Astronomers discover likely source of strange radio bursts from space
For more than 13 years, astronomers have been trying to determine the source of extremely powerful radio bursts that can travel billions of kilometres through space but only last a fraction of a second.
These signals — called fast radio bursts (FRBs) — were discovered in 2007 by two astrophysicists while poring through data collected in 2001 from the Parkes Observatory in New South Wales, Australia. Since then, dozens more have been detected, even a different form called repeating fast radio bursts.
But just what is responsible for pumping out these extremely bright radio signals has remained shrouded in mystery, with even the odd whisper of whether or not it was astrophysical in the first place.
Three independent teams of international astronomers, who published three separate papers in the journal Nature Wednesday, have found one likely culprit: magnetars.
Magnetars are a fascinating type of neutron star, the collapsed core of a massive star that exploded.
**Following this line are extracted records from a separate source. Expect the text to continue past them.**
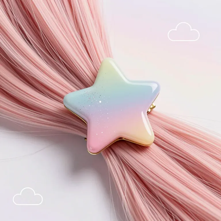 A close-up of a glossy, star-shaped hair clip in pastel shades, softly lit to highlight its reflective surface. The minimalistic background ensures the focus remains on the clip and the vibrant hair it adorns.
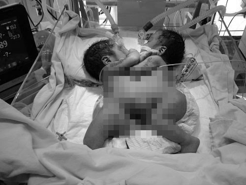 Hai bé song sinh dính liền đã tử vong sau 7 ngày điều trị tại BV Việt Đức. Ảnh: HQ.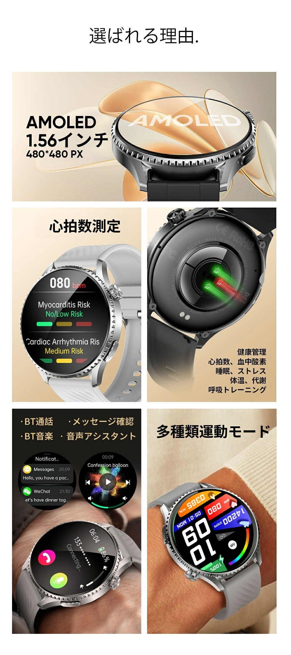 「リニューアル 半額セールで8,999円 即納」スマートウォッチ 血圧 心拍数 血 糖値 日本製 センサー レディース 1.56インチ 血中酸素 睡眠 IP67防水 iPhone/Android対応 日本語対応 プレゼント 24時間体温測定 音楽プレーヤー 高精度心拍数 睡眠検測 呼吸率 日本語説明書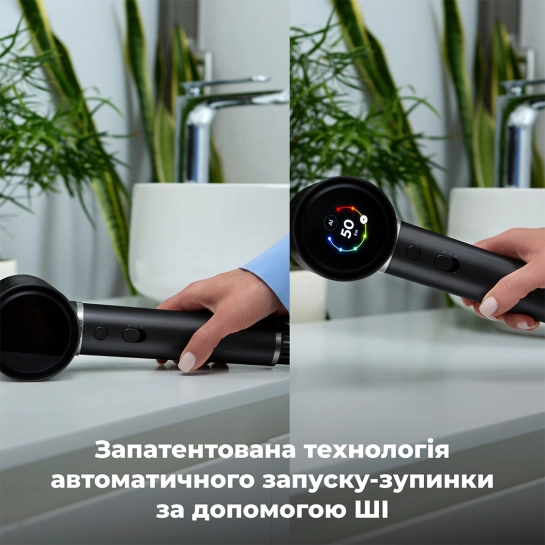 Фен оснащен встроенной технологией голосового управления, позволяющей легко изменять режимы с помощью простых команд. Вы можете выбрать автоматическую регулировку температуры и мощности благодаря искусственному интеллекту или вручную переключаться между теплым, горячим и холодным режимами для максимально комфортной укладки.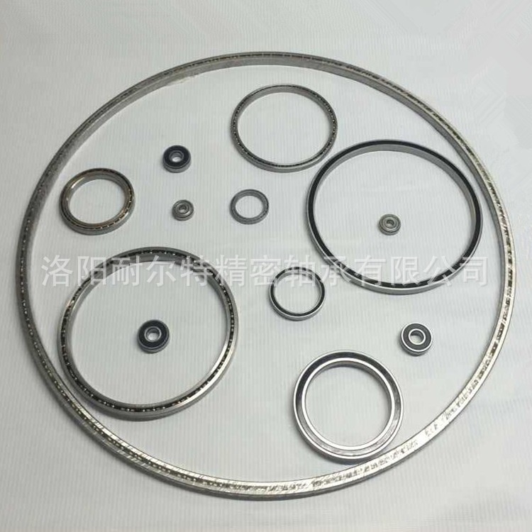 洛阳耐尔特轴承厂加工的薄截面超薄轴承由七个开式系列和五个密封系列组成,内孔直径从1英寸到40英寸,横截面的尺寸范围从0.1875X0.1875英寸到1.000X1.000英寸,三种类型:深沟球型,角接触型,四点接触型,材质有Gcr15和不锈钢两种供选择。替代NTN轴承。KRA系列,KRB系列,KRC系列,KRD系列,KRF系列,KRG系列,KYA系列,KYB系列,KYC系列,KYD系列,KYF系列,KYG系列,KXA系列,KXB系列,KXC系列,KXD系列,KXF系列,KXG系列,JACP0系列,JBCP0系列,KRJ系列,JGCP0系列,JAXP0系列,JBXP0系列,JGXP0系列等。替代KAYDON轴承。KACP0系列;KBCP0系列;KCCP0系列;KDCP0系列;KFCP0系列;KGCP0系列;KAAR0系列;KBAR0系列;KCAR0系列;KDAR0系列;KFAR0系列;KGAR0系列;KAXP0系列;KBXP0系列;KCXP0系列;KDXP0系列;KFXP0系列;KGXP0系列;JACP0系列;JBCP0系列;JUCP0系列;JGCP0系列;JAXP0系列;JBXP0系列;JGXP0系列;JUXP0系列。替代INA轴承。 CSCAA..-TN系列;CSCA系列,CSCB系列;CSCC系列;CSCU系列;CSCD系列;CSCF系列;CSCG系列;CSXAA..-TN系列;CSXA系列;CSXB系列;CSXC系列;CSXU系列;CSXD系列;CSXF系列;CSXG系列;CSEAA..-TN系列;CSEA系列;CSEB系列;CSEC系列;CSED系列;CSEF系列;CSEG系列等。也可根据客户具体要求设计加工精密非标薄壁轴承。欢迎新老用户来电垂询!

They are spheres that are roughly the size of a city like Toronto or Montreal, but so dense that a piece of material the size of a sugar cube would weigh as much as a mountain, or one trillion kilograms.
But a magnetar takes a neutron star to the extreme. While the magnetic field of a neutron star is trillions of times stronger than Earth’s, a magnetar’s is 1,000 times more than that.
Over the past decade or so, there had been several theories as to what could produce FRBs, one of which was a magnetar. But the sources of the brief but powerful signals were too far away to confirm.
But on April 28, astronomers using the Canadian Hydrogen Intensity Mapping Experiment (CHIME) telescope in Penticton, B.C., and the Survey for Transient Astronomical Radio Emission 2 (STARE2) telescope captured an FRB burst from the same region of the sky. The pair of telescopes were able to confirm that it had been emitted from SGR 1935+2154, a known magnetar.